(Beginning of Data)

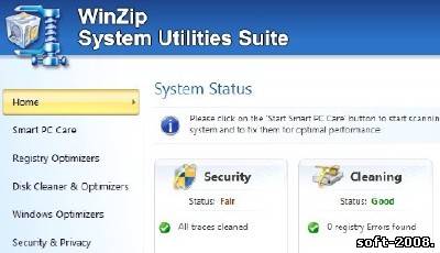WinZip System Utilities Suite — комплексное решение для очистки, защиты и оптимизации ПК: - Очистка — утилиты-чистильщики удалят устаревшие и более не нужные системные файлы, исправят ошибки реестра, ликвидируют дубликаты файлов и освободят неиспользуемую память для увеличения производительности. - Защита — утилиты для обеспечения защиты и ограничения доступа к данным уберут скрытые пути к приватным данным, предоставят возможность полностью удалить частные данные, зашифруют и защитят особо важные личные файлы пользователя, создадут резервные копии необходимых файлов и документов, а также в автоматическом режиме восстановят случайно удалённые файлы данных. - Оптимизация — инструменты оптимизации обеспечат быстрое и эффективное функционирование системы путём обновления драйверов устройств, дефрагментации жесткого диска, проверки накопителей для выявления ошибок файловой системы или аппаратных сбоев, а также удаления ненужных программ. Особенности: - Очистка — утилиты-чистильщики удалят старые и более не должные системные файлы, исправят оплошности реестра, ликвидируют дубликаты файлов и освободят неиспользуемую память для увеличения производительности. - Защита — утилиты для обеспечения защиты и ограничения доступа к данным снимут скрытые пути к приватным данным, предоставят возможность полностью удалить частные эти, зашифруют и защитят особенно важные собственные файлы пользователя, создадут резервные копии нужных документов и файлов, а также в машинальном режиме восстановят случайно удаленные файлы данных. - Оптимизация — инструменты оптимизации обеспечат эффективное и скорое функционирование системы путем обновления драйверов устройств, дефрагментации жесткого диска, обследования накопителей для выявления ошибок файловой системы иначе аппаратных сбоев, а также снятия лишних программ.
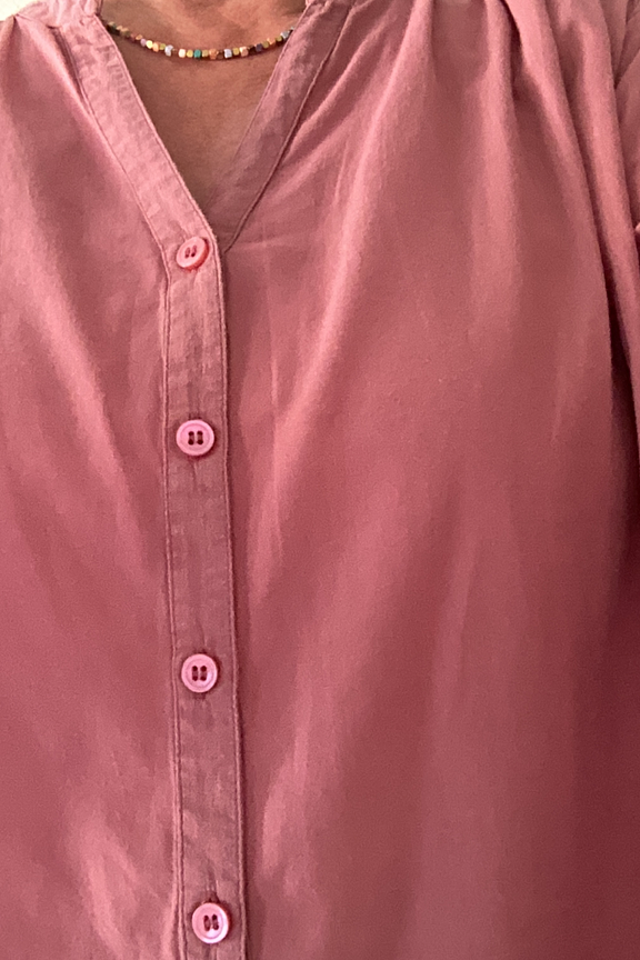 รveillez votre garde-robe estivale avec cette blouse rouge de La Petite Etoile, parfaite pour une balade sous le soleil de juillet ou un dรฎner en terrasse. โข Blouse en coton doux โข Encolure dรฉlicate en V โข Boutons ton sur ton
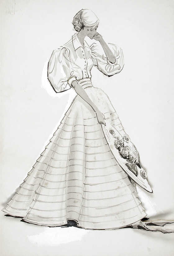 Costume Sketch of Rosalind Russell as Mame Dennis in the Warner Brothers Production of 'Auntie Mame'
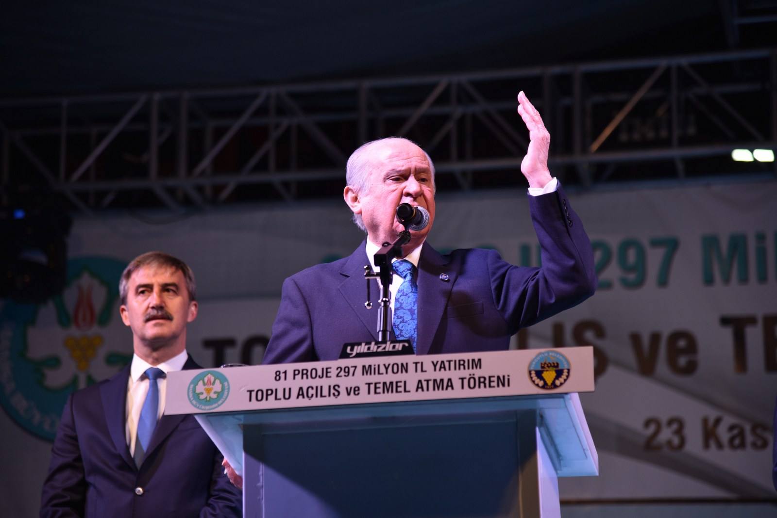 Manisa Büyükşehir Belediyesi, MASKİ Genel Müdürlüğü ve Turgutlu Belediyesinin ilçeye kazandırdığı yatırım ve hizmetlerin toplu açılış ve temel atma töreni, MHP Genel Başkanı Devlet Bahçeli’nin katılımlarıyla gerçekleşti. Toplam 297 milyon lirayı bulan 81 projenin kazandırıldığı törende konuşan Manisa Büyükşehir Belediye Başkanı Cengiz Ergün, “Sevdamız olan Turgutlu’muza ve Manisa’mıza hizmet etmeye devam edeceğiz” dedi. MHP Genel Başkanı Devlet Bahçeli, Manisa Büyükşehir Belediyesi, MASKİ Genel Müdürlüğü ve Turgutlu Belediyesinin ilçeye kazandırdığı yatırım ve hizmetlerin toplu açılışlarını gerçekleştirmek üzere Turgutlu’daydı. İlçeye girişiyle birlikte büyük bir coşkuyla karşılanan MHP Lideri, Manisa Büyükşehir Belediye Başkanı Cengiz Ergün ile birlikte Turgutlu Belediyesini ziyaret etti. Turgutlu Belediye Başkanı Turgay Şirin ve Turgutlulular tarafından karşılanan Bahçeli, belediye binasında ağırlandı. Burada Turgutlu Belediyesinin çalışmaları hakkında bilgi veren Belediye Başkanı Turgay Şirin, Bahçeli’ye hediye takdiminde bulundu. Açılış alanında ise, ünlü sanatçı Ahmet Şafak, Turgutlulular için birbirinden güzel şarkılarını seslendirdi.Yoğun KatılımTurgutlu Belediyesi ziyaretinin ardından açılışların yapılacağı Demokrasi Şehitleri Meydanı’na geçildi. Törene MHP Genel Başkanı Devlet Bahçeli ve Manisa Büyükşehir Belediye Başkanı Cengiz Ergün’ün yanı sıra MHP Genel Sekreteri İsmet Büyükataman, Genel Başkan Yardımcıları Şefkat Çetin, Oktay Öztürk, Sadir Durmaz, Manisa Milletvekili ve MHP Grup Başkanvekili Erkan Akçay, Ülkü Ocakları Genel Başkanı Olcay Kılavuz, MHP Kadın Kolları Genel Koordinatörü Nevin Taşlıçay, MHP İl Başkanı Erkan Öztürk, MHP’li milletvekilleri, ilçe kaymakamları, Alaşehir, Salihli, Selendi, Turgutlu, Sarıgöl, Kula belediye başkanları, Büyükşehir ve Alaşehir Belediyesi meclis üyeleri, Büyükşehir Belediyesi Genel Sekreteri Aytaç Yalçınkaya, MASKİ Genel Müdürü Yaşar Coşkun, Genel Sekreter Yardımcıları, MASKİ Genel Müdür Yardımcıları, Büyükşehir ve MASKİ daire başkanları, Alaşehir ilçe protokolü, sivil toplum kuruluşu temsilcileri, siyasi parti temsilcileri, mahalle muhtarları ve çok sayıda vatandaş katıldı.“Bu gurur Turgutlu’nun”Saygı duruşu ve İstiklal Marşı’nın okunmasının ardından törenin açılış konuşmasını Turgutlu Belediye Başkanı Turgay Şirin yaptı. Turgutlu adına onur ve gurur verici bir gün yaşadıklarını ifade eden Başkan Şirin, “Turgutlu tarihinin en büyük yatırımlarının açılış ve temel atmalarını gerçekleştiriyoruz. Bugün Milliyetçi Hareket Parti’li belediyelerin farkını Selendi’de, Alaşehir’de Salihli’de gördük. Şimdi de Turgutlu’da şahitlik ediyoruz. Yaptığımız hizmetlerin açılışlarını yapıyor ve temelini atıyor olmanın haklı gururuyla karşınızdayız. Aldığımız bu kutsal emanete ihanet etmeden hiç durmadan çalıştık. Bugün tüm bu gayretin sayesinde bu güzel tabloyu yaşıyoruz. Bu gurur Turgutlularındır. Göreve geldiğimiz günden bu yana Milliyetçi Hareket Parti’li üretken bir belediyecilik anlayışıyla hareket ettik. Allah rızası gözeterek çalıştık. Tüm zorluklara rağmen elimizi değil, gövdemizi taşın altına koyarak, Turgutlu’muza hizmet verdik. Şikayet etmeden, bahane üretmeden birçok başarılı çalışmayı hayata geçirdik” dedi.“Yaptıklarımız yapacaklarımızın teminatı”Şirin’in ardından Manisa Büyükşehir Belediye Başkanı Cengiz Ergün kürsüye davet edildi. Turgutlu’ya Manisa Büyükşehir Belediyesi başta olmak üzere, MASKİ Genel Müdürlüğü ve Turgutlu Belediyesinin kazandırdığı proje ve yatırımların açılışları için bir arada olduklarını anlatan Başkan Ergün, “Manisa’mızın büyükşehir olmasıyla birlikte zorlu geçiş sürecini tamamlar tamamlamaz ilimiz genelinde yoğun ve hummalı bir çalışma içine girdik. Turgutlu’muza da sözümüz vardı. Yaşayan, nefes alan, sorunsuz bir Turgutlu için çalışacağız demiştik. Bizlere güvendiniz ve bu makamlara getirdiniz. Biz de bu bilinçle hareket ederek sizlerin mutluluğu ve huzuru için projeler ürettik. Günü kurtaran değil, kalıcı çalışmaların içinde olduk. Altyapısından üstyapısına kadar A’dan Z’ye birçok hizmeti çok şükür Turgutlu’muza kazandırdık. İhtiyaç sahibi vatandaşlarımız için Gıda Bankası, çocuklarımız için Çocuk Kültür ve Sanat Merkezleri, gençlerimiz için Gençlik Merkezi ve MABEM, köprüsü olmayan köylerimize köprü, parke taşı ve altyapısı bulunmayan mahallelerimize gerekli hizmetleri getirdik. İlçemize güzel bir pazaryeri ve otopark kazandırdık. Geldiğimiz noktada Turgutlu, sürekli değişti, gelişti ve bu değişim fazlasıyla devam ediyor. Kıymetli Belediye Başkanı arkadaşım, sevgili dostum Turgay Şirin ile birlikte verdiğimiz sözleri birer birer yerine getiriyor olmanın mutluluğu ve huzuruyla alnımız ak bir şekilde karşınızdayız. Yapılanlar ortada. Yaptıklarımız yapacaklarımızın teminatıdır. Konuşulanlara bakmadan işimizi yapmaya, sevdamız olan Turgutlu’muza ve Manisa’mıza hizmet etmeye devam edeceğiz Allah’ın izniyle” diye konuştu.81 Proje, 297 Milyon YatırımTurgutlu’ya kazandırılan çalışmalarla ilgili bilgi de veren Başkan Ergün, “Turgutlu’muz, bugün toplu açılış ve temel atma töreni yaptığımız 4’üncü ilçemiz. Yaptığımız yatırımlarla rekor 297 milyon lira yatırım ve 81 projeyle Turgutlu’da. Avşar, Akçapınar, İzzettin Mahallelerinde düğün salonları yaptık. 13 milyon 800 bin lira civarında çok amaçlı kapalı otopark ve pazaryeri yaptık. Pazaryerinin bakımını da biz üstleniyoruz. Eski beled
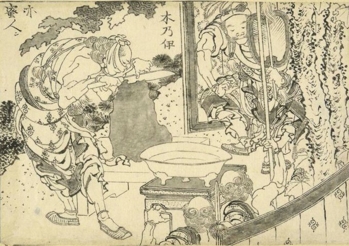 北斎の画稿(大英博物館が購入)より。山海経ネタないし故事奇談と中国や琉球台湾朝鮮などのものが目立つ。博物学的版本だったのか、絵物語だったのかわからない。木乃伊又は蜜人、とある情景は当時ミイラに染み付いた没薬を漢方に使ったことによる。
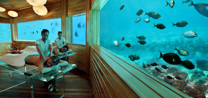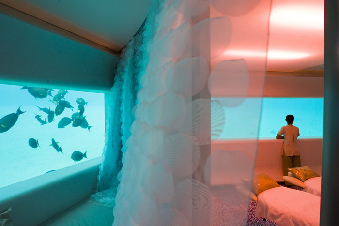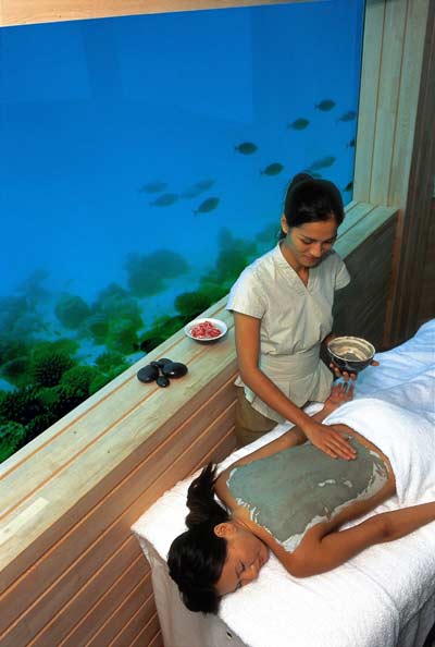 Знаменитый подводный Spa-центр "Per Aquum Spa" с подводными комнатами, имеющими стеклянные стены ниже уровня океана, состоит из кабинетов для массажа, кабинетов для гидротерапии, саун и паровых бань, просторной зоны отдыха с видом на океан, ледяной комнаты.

(End of Data)

--- Task instructions ---
Exact lines, nothing more: output the one with "北斎の画稿(大英博物館が購入" and every later line through the end of the data, skipping pictures.

--- Response to this task ---
 北斎の画稿(大英博物館が購入)より。山海経ネタないし故事奇談と中国や琉球台湾朝鮮などのものが目立つ。博物学的版本だったのか、絵物語だったのかわからない。木乃伊又は蜜人、とある情景は当時ミイラに染み付いた没薬を漢方に使ったことによる。
 Знаменитый подводный Spa-центр "Per Aquum Spa" с подводными комнатами, имеющими стеклянные стены ниже уровня океана, состоит из кабинетов для массажа, кабинетов для гидротерапии, саун и паровых бань, просторной зоны отдыха с видом на океан, ледяной комнаты.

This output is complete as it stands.